Let me finish by returning to the methodological theme of this article. The claim developed is not, of course, just that the evolution of language has been shaped by, and is an instance of, cumulative cultural evolution (probably involving gene-culture coevolution). Nor is it the claim that proposals about the timing and shape of the evolution of language should be tested against the material record of hominin evolution. Both of those ideas are common ground to the broad family of views of which this article is an instance. Rather, it is a proposal for, and an example of, the integration of evidential streams from the historical record. Attempts to tie the evolution of language to the paleoanthropological record have standardly looked for a specific behavioral or technical signal of the arrival of language: a language signature. For example, the regular use of material symbols is often seen as the signature of language (see, for instance, Tattersall 2016); so too are long-distance trade networks (Marwick 2003). This article does not look for a specific signature of language, or of the various versions of protolanguage. Rather, it integrates information about (1) different foraging economies and the communication and coordination demands those economies impose; (2) the cognitive capacities implied by the manufacture, use, and social transmission of different technological suites; (3) the social and demographic conditions on high volume, high fidelity social transmission; and (4) the complexity of hominin social worlds at different times, as a function of (a) territory size and movement patterns; (b) group size (for which we very rarely have direct evidence); and (c) economic complexity—the division of labor, the organization of collective action, sexual politics, the distribution of resources.
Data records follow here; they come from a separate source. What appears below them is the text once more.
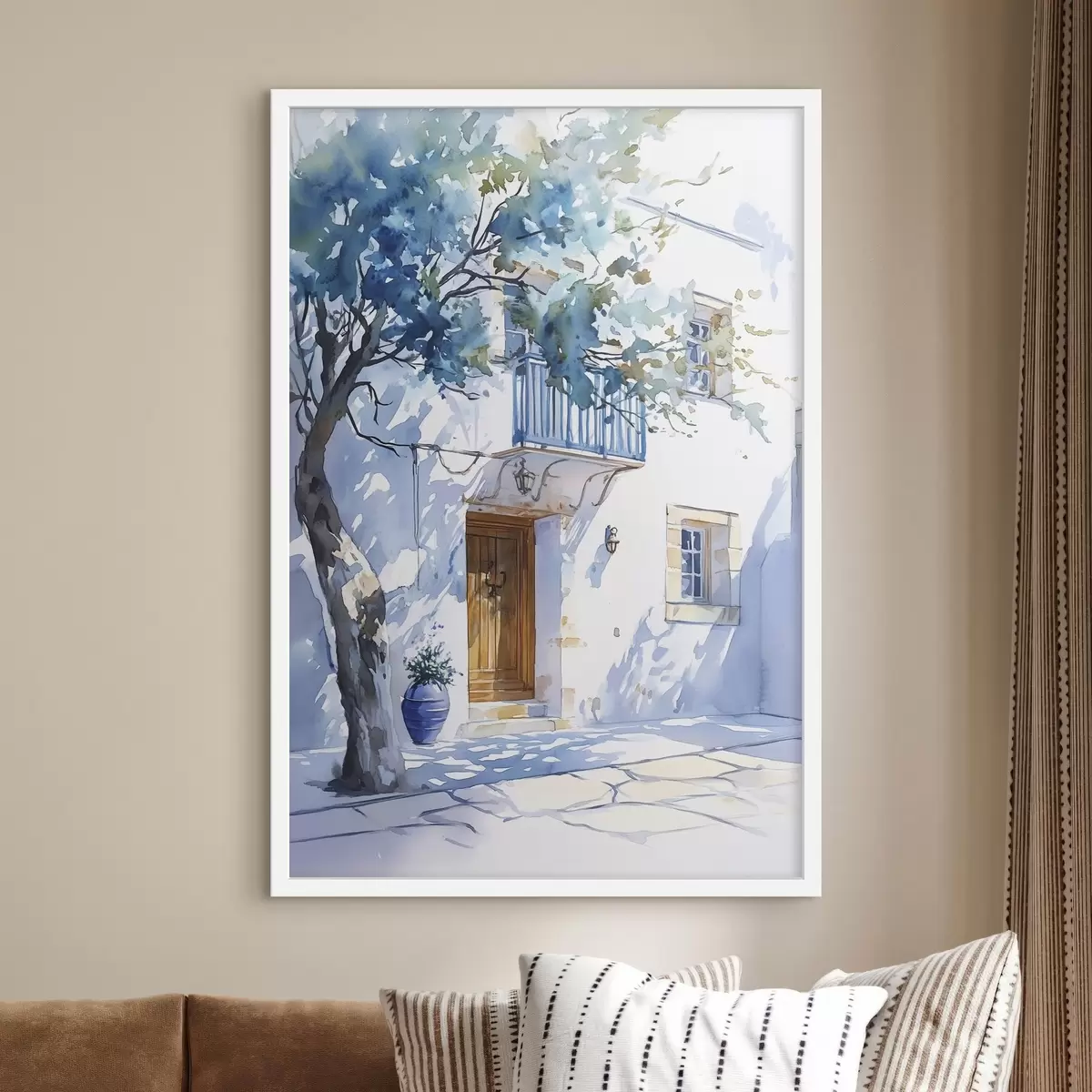 Plakat Akvarellstiil, kreeka maja, õitsev puu, arhitektuur f43182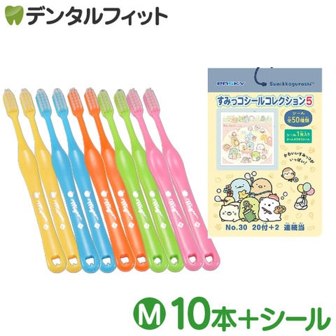 【メール便で送料無料】子供用 歯ブラシ「mignon(ミニョン)」Mふつう10本とすみっコぐらし シールコレクション当て 第5弾 1束(20枚+2枚)のセット(メール便2点まで) set cp10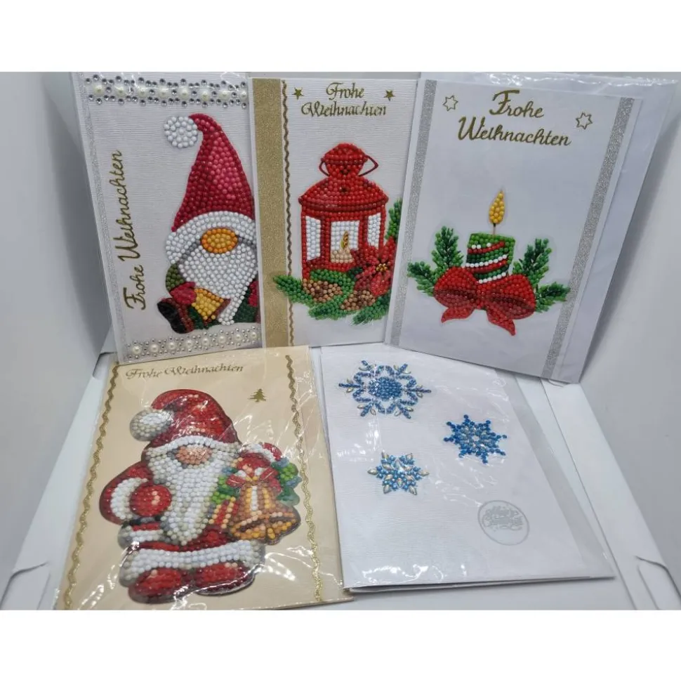 Entdecke ein exklusives 5er Set handgearbeiteter Weihnachtsgrußkarten mit funkelnden Diamond Painting Motiven!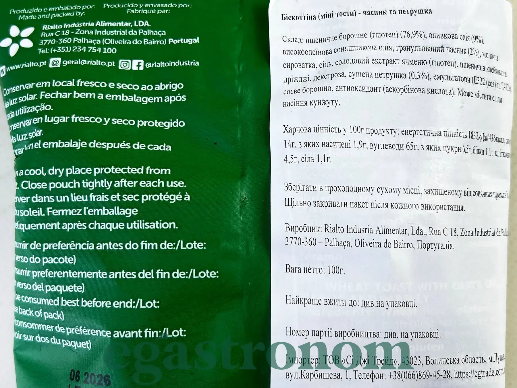 Біскоттіна (міні тости) часник та петрушка Ріалто Rialto 100g 12шт/ящ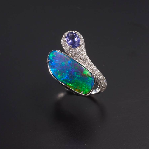 主石為澳洲蛋白石,搭配無燒藍寶及鑽石,整體造型以生動的流線型設計,締造出獨一無二的張力美,蛋白石變幻多彩的遊彩現(xiàn)象造就使人驚艷的變幻之光,緊鄰主石的流線上鑲嵌未加溫藍寶與象徵不變、穩(wěn)定存在的鑽石,勾勒出其特有的意涵:「幻象中的真實、流動中的不變?!?
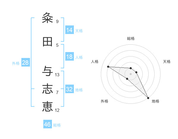 粂田 与志恵さんを姓名の画数から五運を鑑定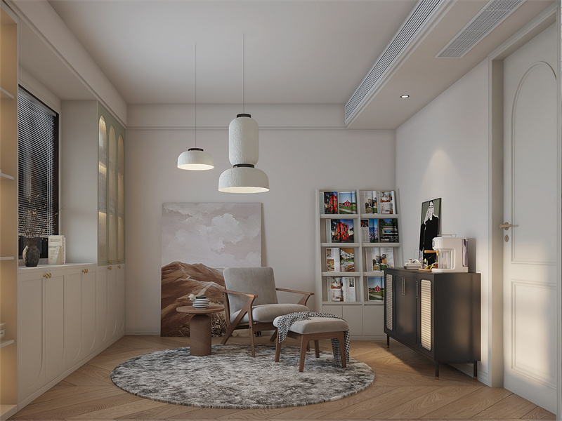 米白墙配木色复古家具,艺术挂画与收纳柜结合,复古吊灯提升格调。日常阅读休闲时,既借复古座椅、艺术摆件营造独处氛围,又因收纳与布局满足轻社交需求,是兼具文化感与复古格调的私域空间,适配阅读、品咖等品质生活场景。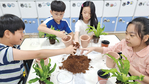 대구신월초등학교(교장 권금자)는 환경의 날을 맞아 지난달 28일(화) 한국가스공사와 사회적 기업인 트리플래닛과 협력해 교실 숲 조성 활동을 진행했다. 교실 환경에서 잘 자랄 수 있는 공기정화식물인 아레카야자와 멸종위기식물인 파초일엽을 포함해 총 572그루의 식물이 교실에 배치됐으며, 학생들이 일회용 마스크 자투리 원단과 재활용된 투명 페트병으로 만든 화분에 직접 반려 식물을 옮겨 심으며 생명의 소중함을 느끼고 환경 문제에 관심을 가질 수 있도록 했다.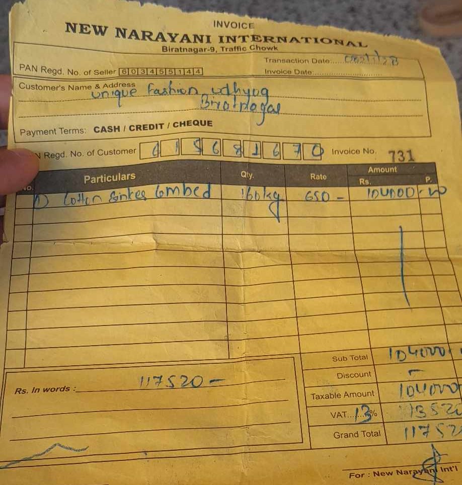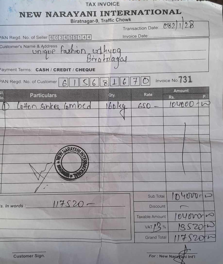 उद्योगका सञ्चालक जमसेद मास्टर हुन् । उनका प्रतिनिधि मिराज अन्सारीले भन्सारले अनावश्यक दुःख दिएको गुनासो गरे । अन्सारीका अनुसार भनेको सबै प्रमाण दिदाँ समेत मुद्दा चलाएर गरिखान नदिएको आरोप लगाए । प्रमुख भन्सार अधिकृत श्रेष्ठले समान पक्राउ परेपछि बिलबिजक जारी गरेको दावी गरे । उद्योगले २८ गते माइक्रो टालसन मिक्स फेब्रिक ९० केजी र कटन सिन्केर कम्बेड ९० केजी गरिद गरेको बिलमा उल्लेख छ ।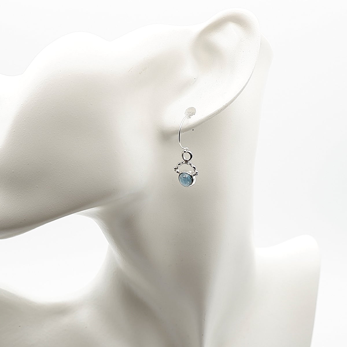 ネオンブルーカイヤナイトのデザインピアス ~黄昏の空に残る青~ 天然石アクセサリー 一点物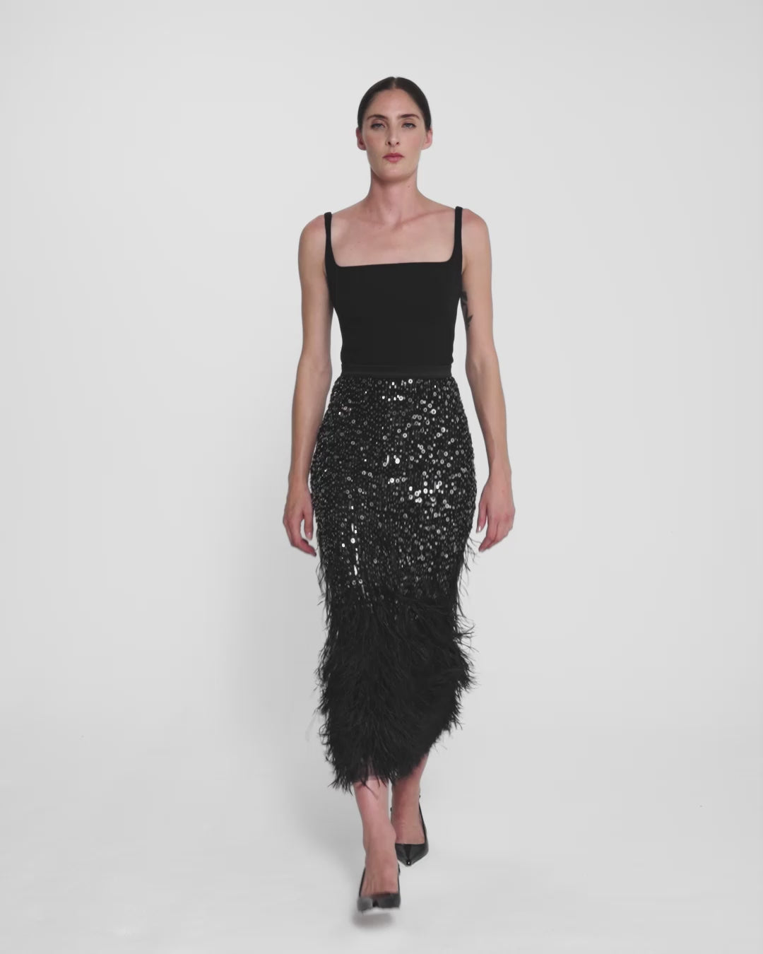 From the Spring Summer ’26 collection, the Vivica Skirt delivers a confident statement through texture and fluidity. Crafted on a light tulle base, the midi silhouette is intricately embroidered and finished with feather embellishments that introduce sparkle and expressive movement. Style with the matching Fabianna Jacket for a cohesive, elevated look.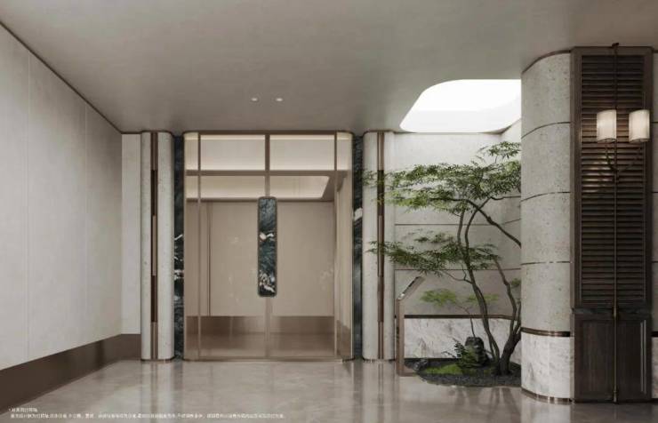项目借鉴高奢酒店的设计,以酒店式艺术门廊作为起点,从鎏金翡绿的奢石饰面,到极具艺术感的迎宾雕塑,再到通透雅致的艺术玻璃景墙,无需刻意调整,便能从职场的繁忙状态,自然过渡到居家的松弛情绪,让归家成为一场充满质感的“沉浸式减压”。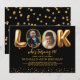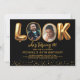 Invitation moderne pour 40 ans avec un fond noir élégant, un design amusant "regardez qui a 40 ans !" avec les deux O remplacés par des photos avant et après, et une bordure scintillante à paillettes dorées en bas. Le modèle de texte facile à personnaliser rend la personnalisation des détails de votre événement simple. Créez l'ambiance pour une célébration sophistiquée avec une touche d'amusement et un affichage photo mémorable. Personnalisez la vôtre et rendez la fête inoubliable.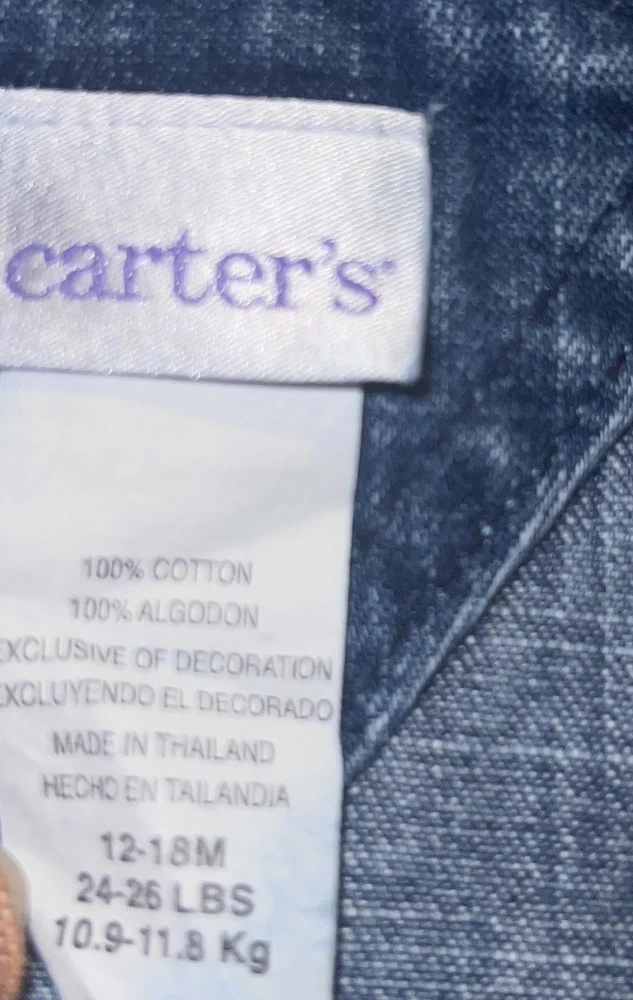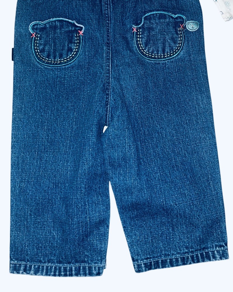Carter's Girls Vintage Denim Overalls Bear Du Jour Heart Size 12-18M 2 Piece Set in very good condition.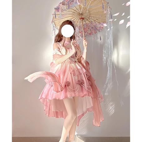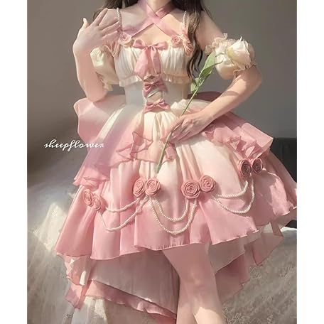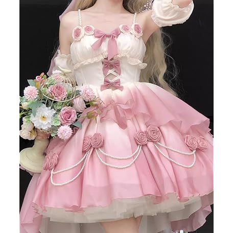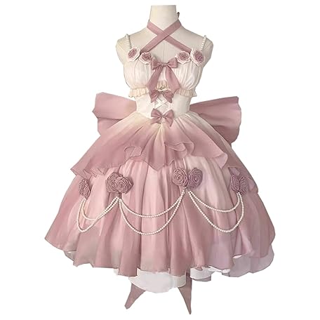 Clivetalos Pink Lolita Dress for Women Girls, Kawaii Princess Dress for Cosplay Costumes, Lace Layers Maid Outfit Sleeveless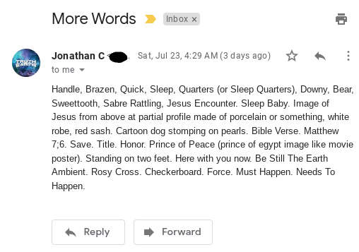 Another occurrence which might be a coincidence is that I have been getting spam emails in my inbox that are saying I’ve been chosen. This has happened a couple of times so far and I don’t know how those got past the spam filter because they were obviously spam. I deleted them but maybe I should have kept at least one to share here.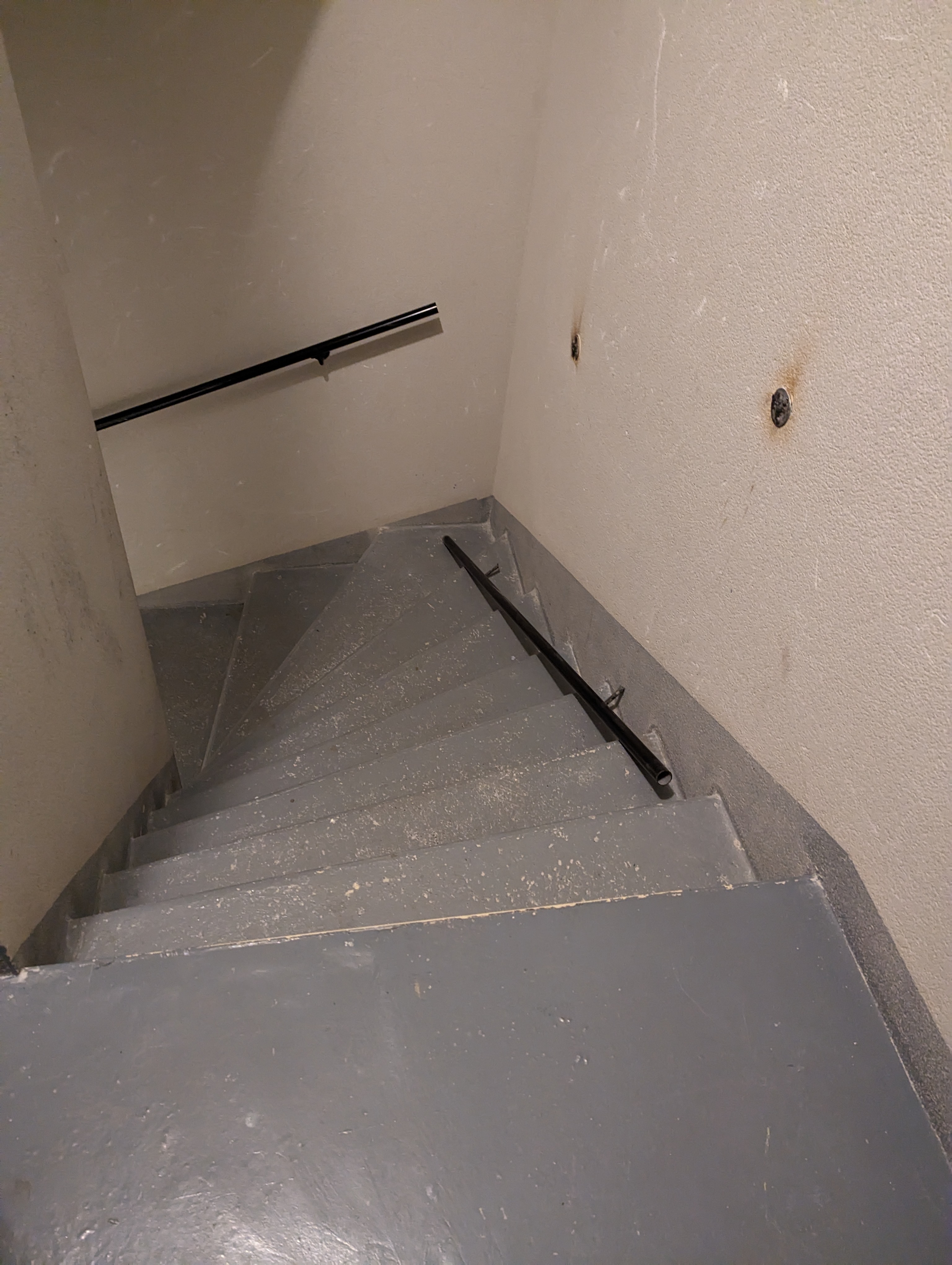 Meanwhile, the elevator had stopped working on Saturday and still was not fixed. We were worried about hauling our suitcases downstairs, especially since the handrails were lying on the floor, or even worse, attached at only one end, while the stairs were not only steep but winding.

Collectively, these evidential streams enable us to form, in an admittedly fragmentary and fallible way, pictures of the differing social worlds of long-vanished hominins, and of the ways those worlds require and constrain communicative capacities ancestral to language. I have used this stance to argue that any communication system approximating, or even approaching, the scope of known languages presupposes a demanding form of cultural transmission, even if supported by genetic changes that made transmission more reliable. While it is difficult to get direct evidence about ancient communication systems, we have better evidence about ancient groups’ more general capacities to accumulate and transmit information. We can use this to probe the communicative demands on ancient groups, and their capacity to meet these demands by transmitting large, complex, and arbitrary systems to the next generation. I have exploited this methodology to suggest a relatively late, gradual emergence of lexically rich protolanguage (or full language), perhaps in the last 200,000 years. That argument depends on the claim that we see then, but not before then, an expansion in ecological, technical, and social complexity; an expansion that signals more reliable capacities to keep and transmit information, and an expansion indicating a heavier load on communicative skills. New discoveries could easily change those dates, and our views of the complexity of the social lives of ancient hominins. But while that would undermine the timing of language evolution suggested in this article, it would not undermine the methodology of seeing the evolution of language as a special case of a general process, one whose operations we can more directly identify.